A spokesman for the Ministry of Endowments and Religious Affairs said preachers at the region’s more than 5,000 mosques, who are on the government payroll, were forbidden to incite violence and would be punished if found doing so.
“There is no evidence that any imam has incited people – directly or indirectly – to go to Syria,” Mariwan Naqshbandi said. “We have asked the imams to advise worshippers not to go, but unfortunately they haven’t managed to discourage everyone.”
Kurdish security services however raided 11 mosques one night last December in the city of Sulaimaniyah on suspicion they were being used as recruitment centers, seizing identity papers and laptops. They have not disclosed what evidence they found.
Although Kurdistan shares a border with Syria, most of the young men travel there through Turkey, some via Lebanon, and others southern Iraq.
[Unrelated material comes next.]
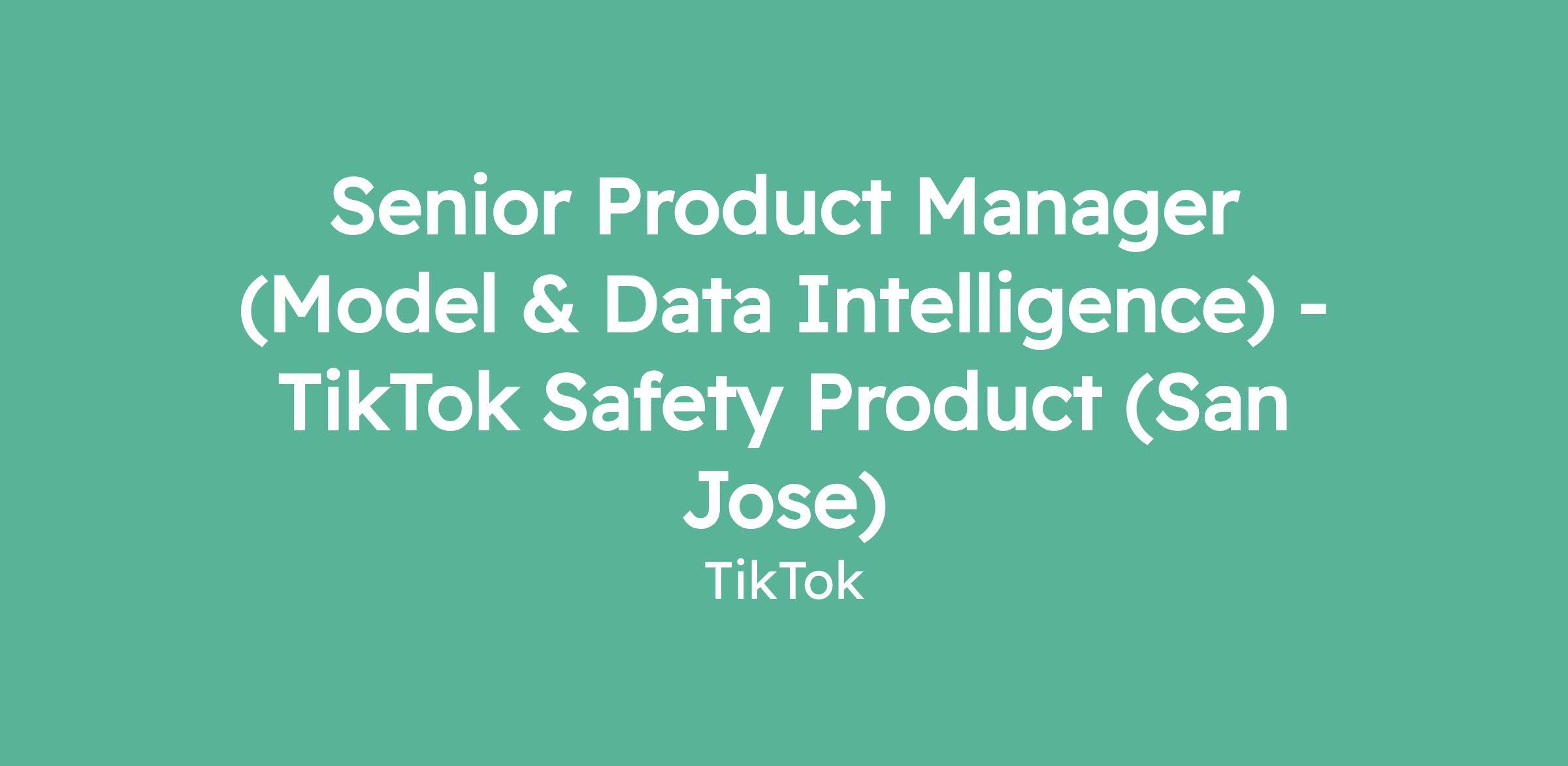 Senior Product Manager (Model & Data Intelligence) - TikTok Safety Product (San Jose)

Around 40 have come back to Kurdistan and are now either behind bars because they are considered a threat to national security, or are under close surveillance.
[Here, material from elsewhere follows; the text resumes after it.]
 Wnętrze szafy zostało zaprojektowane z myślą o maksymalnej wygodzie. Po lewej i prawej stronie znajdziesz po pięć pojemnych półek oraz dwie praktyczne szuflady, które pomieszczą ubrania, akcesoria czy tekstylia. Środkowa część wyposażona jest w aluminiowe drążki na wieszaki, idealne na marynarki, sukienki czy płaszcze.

“I went there to be killed following the path of Allah,” said one young Iraqi Kurd who returned from Syria because he was convinced the conflict was a western conspiracy to exterminate the world’s Muslims.
But many believe these aspiring Kurdish jihadists are driven as much by the hardships of life as by their faith.
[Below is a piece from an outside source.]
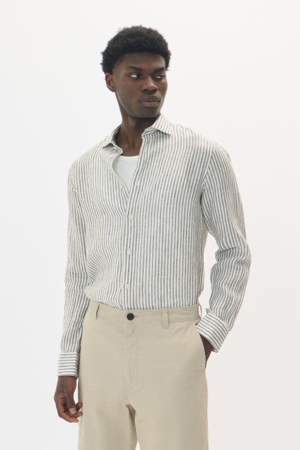 Skjorten har en regular fit og lange ermer, noe som gjør den allsidig for både hverdagsbruk og semi-formelle anledninger. Den freshe fargen gir et sofistikert preg til ethvert antrekk, og det lette lin-stoffet gir god komfort hele dagen.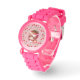 Fun cherries pattern watch. Features a stylish cherries pattern, red cherries on a pink background.

Asked why they thought Ako had gone to Syria, his friends and acquaintances all cited economic pressures, and the fact he grew up an orphan in Halabja, better known as the site of a 1988 chemical weapons attack under Iraqi dictator Saddam Hussein.
The Kurds’ fortunes have since changed, and their region is now Iraq’s most stable and prosperous, but the people of Halabja often complain of neglect.
“The KRG (Kurdistan Regional Government) will need to focus on using its oil wealth to increase opportunities for employment and to reduce corruption if it is to address this threat effectively,” IHS Jane’s said in a recent report about militancy in Kurdistan, assessing the risk as “serious”.
RELIGION VS. ETHNICITY
Ako’s jihad lasted less than two months. ISIL announced his “martyrdom” early this year in Syria, killed fighting not Assad’s forces but fellow Kurds, who have taken advantage of the civil war to assert control in the country’s northeast.
Kurds are predominantly Sunni Muslim, but identify overwhelmingly with their ethnicity – the defining factor in a long history of struggle in the four countries across which they are spread: Turkey, Iran, Iraq and Syria.
ISIL and other Sunni armed groups in Syria have turned their weapons against a Marxist-inspired Kurdish militia that stands in the way of their vision of an Islamic state spanning from Iraq to the Mediterranean.
Wearing a black leather jacket over his Kurdish clothes, the young man who did return from Syria said he would have no qualms about fighting his ethnic kin in the name of Islam: “My religion comes before my Kurdishness – I make decisions based on my religion.”